初來東方這些日子,因爲還不瞭解這裡的情形,於是爵爺嚴格禁止他們狩獵,讓他們暫時以動物血來代替……今晚,爵爺終於開恩!
安迪身影如電,幾個晃動便已消失不見。
喬治則繼續立在涼亭中,與本不存在的綠蟻幻影交談,“尊貴的冬大小姐,讓我來猜猜,你夜夜立在這裡點燃招魂幡,是在招集誰的魂魄吧。”
他笑,轉頭望整個涼亭,“又或者說,這個涼亭曾經是誰建起來,用以監視那位狼王用的?”
且說門內,莫邪扛着沫蟬,呼喝着衝進門來,關嚴了門。
門關閉的剎那,莫邪面上的邪肆便散去。他甚至立在門邊,小心傾聽了一下門外動靜。
他懷中,沫蟬依舊滿面嬌紅,瞳仁染上金色,盈盈而動。她方纔是真咬,就算咬得不甚得法,更沒有尖利到足以皮開肉綻的牙齒,不過她還將他頸子咬破了皮。皮下微血管出了些血,嫣嫣地染在她脣上。
莫邪小心將沫蟬放在沙發上,伸手抿掉她脣上血痕,柔聲問,“還好吧?”
沫蟬縮緊身子,貪婪地伸出舌尖兒,找尋着脣上的血跡。眉眼妖嬈瞟向莫邪,“味道好棒……有蘭麝香氣,又有如紅酒香醇。小邪,我還要。”
莫邪長眉一蹙,眸光凝重起來,盯着沫蟬約有十秒鐘,彷彿也一時沒了主意。
沫蟬看他那樣,終於咯咯笑起,收起面上貪婪飢.渴的神情,坐直了身子,眸子黑白分明地瞟着他。
饒是莫邪,腿都一軟,跌坐在她身邊。仍不敢置信地望她,“真的沒事?”
沫蟬調皮挑眉,“如果有事的話,你真的會給我喝你的血麼?”
莫邪毫不猶豫舉起手腕便湊到自己嘴邊,露出牙齒便咬下去——沫蟬急忙攔着,“哎,我逗你的啦!小邪我真的沒事,你放心。”
“剛剛在外面的那些,是我故意做給人看的。”
沫蟬應三書邀請出來吃飯,繼而遭遇血族,是發生在週五晚上的事情。她週六和週日接連出門去了關關家,又去了江遠楓的墓地,之後還跟胡夢蝶見面喝咖啡……這兩天來莫邪實則都悄然跟在沫蟬身後,小心觀察着她的反應。

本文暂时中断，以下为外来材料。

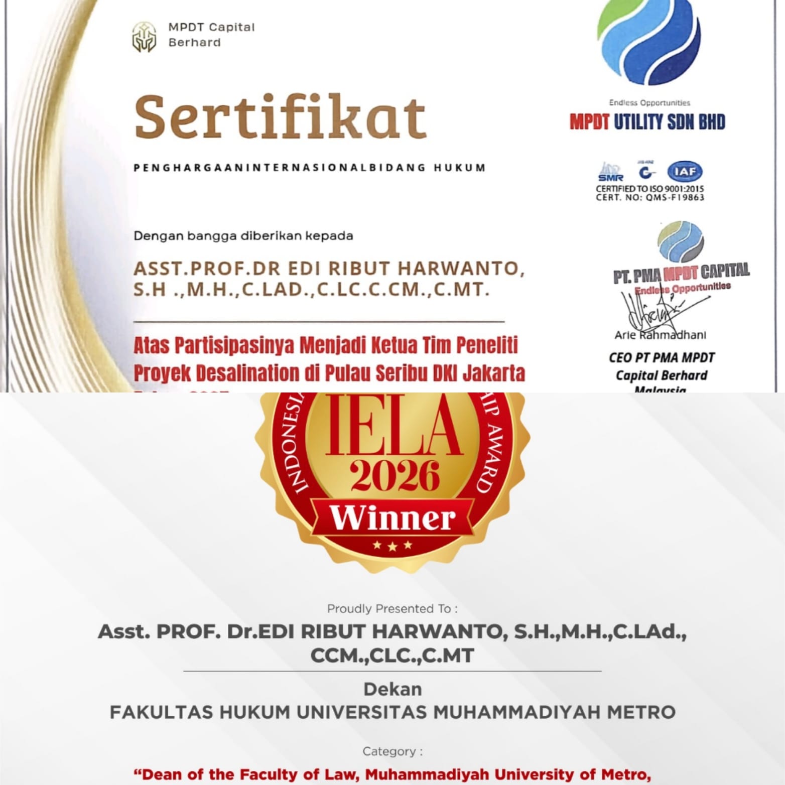 Dekan Fakultas Hukum Universitas Muhammadiyah Metro Asst. Prof. Dr. Edi Ribut Harwanto, S.H., M.M., C.LAd., C.LC., C.CM., C.MT, mendapatkan Internationally Awarded Certificate in The Fiel Of Law dari perusahaan korporasi terkemuka di Malaysia MPDT Capital Berhad. Penghargaan di berikan oleh perusahaan atas jasa dan dedikasinya sebagai ketua Tim Peneliti atas Kajian Hukum Proyek Desalination di Pula Seribu Provinsi DKI Jakarta tahun 2025. Penghargaan akademi dari Chief Exutive Officer MPDT Capital Barhad Malaysia Dato DR. Nik Zamri Majid, melalui CEO PT PMA MPDT Capital Berhad di The City Tower Lt 12 Unit 1 N jalan MH Thamrin N0.81 Jakarta Pusat-DKI Jakarta Senin (9/2/2026) lalu.

在歐洲見識過許多被吸血鬼咬過的人,他們往往在初擁之後的幾日是反應最爲強烈的時候,症狀宛如遭遇瘟疫,喉頭水腫、窒息暈厥、恐懼水電光聲。
被咬過的人的家屬,有的誤認爲家人是被狗或者猛獸襲擊,或者是突發急病,便將被咬過的人送進醫院治療……結果有的就在醫院呈現出呼吸停止的死亡特徵來,而被親屬埋葬……
所以莫邪最爲擔心的也正是沫蟬在這幾天內的反應。可是沫蟬的反應竟然出乎意料地正常,這便讓他放下一半的心來。
另一半還懸着心的原因是:他知道莫言週五當晚肯定會想辦法轉換了沫蟬的夢境,讓沫蟬忘記那可怕的一幕,所以這有可能延緩沫蟬症狀的發作,但是不等於就此不發作;
還有一個原因就是:沫蟬的初擁形式,與他在歐洲見過的低級別初擁有所不同。
那些被吸血鬼咬過的人,咬了他們的吸血鬼也都是相對級別較低的,於是他們的初擁儀式會更血腥:吸血鬼會吸乾人類的血,然後再將吸血鬼的血哺餵到人類身子裡去。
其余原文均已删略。